=== Task objective ===
Each line of the data below goes into the copy exactly; pictures do not.

[Given data Boundary: Start]

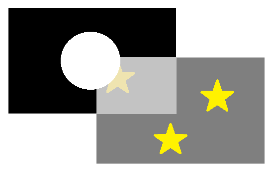 This simple graphic illustrates how white wins when combining two images. The white circle has “used up” that part of the canvas so that the stars in the second image won’t show up if they are positioned in that spot. The stars will show up on the parts that are black, because they haven’t been exposed yet.
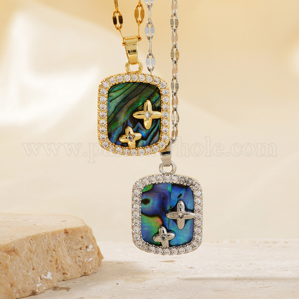 Простые латунные прозрачные кубические цирконии квадратные звездные подвески ожерелья, с Пауа оболочке (02ZX4J)
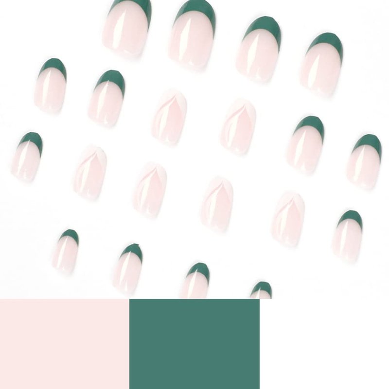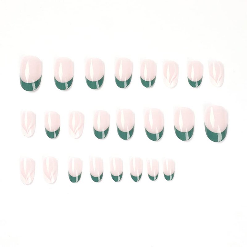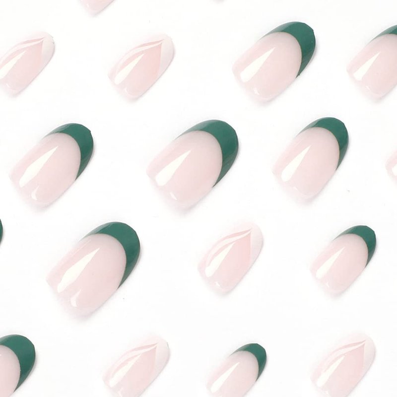 24Pcs Short Glossy Almond Press on Nails with French Green Design, Full Cover Acrylic False Nails, Nail Tips, Nail Art Kit with Glue for Women

[Given data Boundary: End]

=== Worked solution ===
 This simple graphic illustrates how white wins when combining two images. The white circle has “used up” that part of the canvas so that the stars in the second image won’t show up if they are positioned in that spot. The stars will show up on the parts that are black, because they haven’t been exposed yet.
 Простые латунные прозрачные кубические цирконии квадратные звездные подвески ожерелья, с Пауа оболочке (02ZX4J)
 24Pcs Short Glossy Almond Press on Nails with French Green Design, Full Cover Acrylic False Nails, Nail Tips, Nail Art Kit with Glue for Women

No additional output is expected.